Top of Information provided
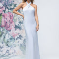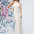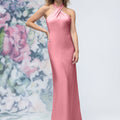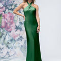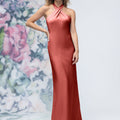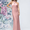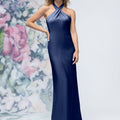 Criss Cross Halter Luxe Satin Sheath Bridesmaid Dress
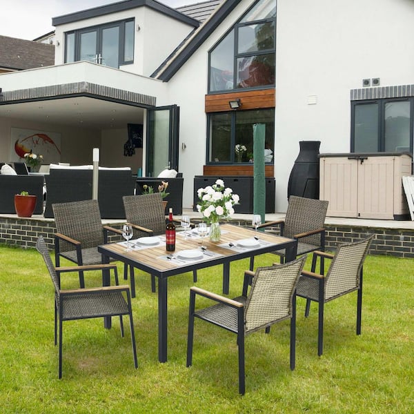 Avex Black Gray 7-Piece Wood and Metal Patio Outdoor Dining Set with Umbrella Hole
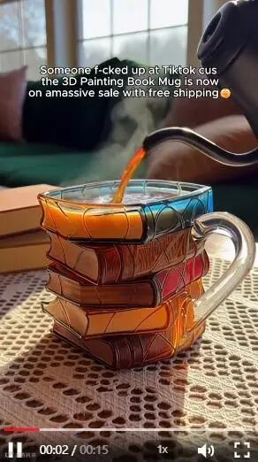 视觉属性强、适配礼品场景的马克杯品类在AI带货中尤为突出。一款3D书籍造型陶瓷杯上线20多天售出超3.82万单,总GMV达59.35万美元(约人民币419.25万元)。其爆火源于一条粉丝不足5000的小号发布的AI视频,通过“书籍杯+热咖啡”的浪漫场景,在7天内斩获1810万播放量。
Bottom of Information provided
From the first line to the last, return the material above exactly, apart from the pictures.

- [Exercise response]:
 Criss Cross Halter Luxe Satin Sheath Bridesmaid Dress
 Avex Black Gray 7-Piece Wood and Metal Patio Outdoor Dining Set with Umbrella Hole
 视觉属性强、适配礼品场景的马克杯品类在AI带货中尤为突出。一款3D书籍造型陶瓷杯上线20多天售出超3.82万单,总GMV达59.35万美元(约人民币419.25万元)。其爆火源于一条粉丝不足5000的小号发布的AI视频,通过“书籍杯+热咖啡”的浪漫场景,在7天内斩获1810万播放量。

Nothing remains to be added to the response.